Hence, LD_PRELOAD is an environmental variable that contains paths to shared libraries and objects; which the loader will load before any other shared library including the C runtime library. This is the way preloading would work within lambda function as well.

It allows us to load and override various functions, which are important, and we would like to review these functions from a security perspective. For example:

1.    Underlying OS calls – we can load/override all remote command execution calls, made by lambda function. Hence, when the lambda function makes these calls, we can monitor them to discover vulnerabilities.

2.    Underlying file operations – we can load/override all file operations and monitor them at runtime. We can see if function is making any calls which are vulnerable or the file path it is using. This would aid in identifying path traversal and other file system related vulnerabilities.

3.    Underlying network operations – we can load/override networking functions and observe how lambda function is making calls to external entities. By monitoring third party outgoing calls, vulnerabilities like SSRF or any other network related abuses can be identified.

Let’s look at a simple implementation to observe networking calls. Through the below snippet, we are injecting code to capture socket, connect and send calls in the shared object. We dump the content into “/tmp/lammon.txt” file and can retrieve this content via function or write it to CloudWatch logs.
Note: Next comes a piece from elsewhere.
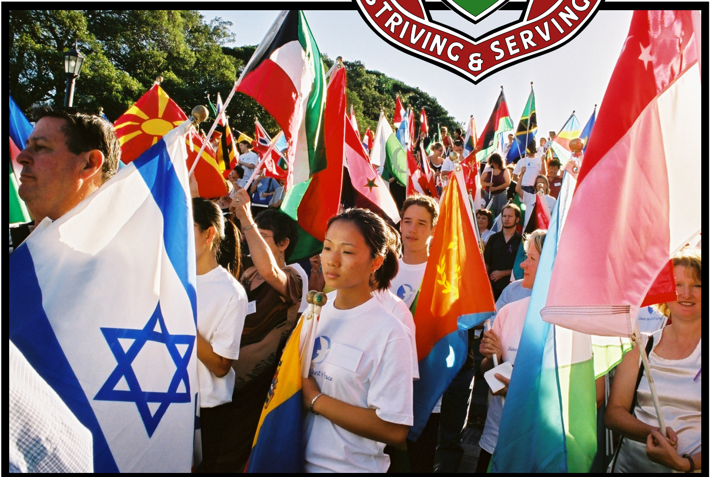
Students and teachers supporting peace at the Peace Summit

A School Community Newsletter Number 45 April, 2003

// Overriding socket call…
int socket(int domain, int type, int protocol)
{
    int (*new_socket)(int domain, int type, int protocol);
    new_socket = dlsym(RTLD_NEXT, "socket");
    FILE *logfile = fopen("/tmp/lammon.txt", "a+");
    fprintf(logfile, "socket function called Process %d:%d:%d:%d\n",
getpid(), domain, type, protocol);
    fclose(logfile);
    return new_socket(domain, type, protocol);  

}


// Overriding connect call…
int connect(int sockfd, const struct sockaddr *addr, socklen_t addrlen)
{
    int (*new_connect) (int sockfd, const struct sockaddr *addr,
socklen_t addrlen);
    new_connect = dlsym(RTLD_NEXT, "connect");
    FILE *logfile = fopen("/tmp/lammon.txt", "a+");
    fprintf(logfile, "connect function called Process %d:%d:%d:%s\n",
getpid(), sockfd, (int)addr->sa_family, addr->sa_data);
    fclose(logfile);
    return new_connect(sockfd, addr, addrlen);
}

//Capturing send call…
ssize_t send(int sockfd, const void *buf, size_t len, int flags)
{
    ssize_t (*new_send)(int sockfd, const void *buf, size_t len, int flags);
    new_send = dlsym(RTLD_NEXT, "send");
    FILE *logfile = fopen("/tmp/lammon.txt", "a+");
    fprintf(logfile, "send function called Process %d:%d:%s\n",
getpid(), sockfd, (buf == NULL ? " " : (char *)buf));
    fclose(logfile);
    return new_send(sockfd, buf, len, flags);      
}


We compile the code and build a shared object. Now, we can put this into lambda layers so it can be used into any lambda functions in a shared way as shown below: -




 Now, let’s add to the lambda function as shown below: -

 

Once it is set, all functions will be intercepted by our code and actual outgoing sniffing can be seen as shown in the below figure: -





As shown above, we were able to sniff or see actual calls being made to other hosts by lambda function.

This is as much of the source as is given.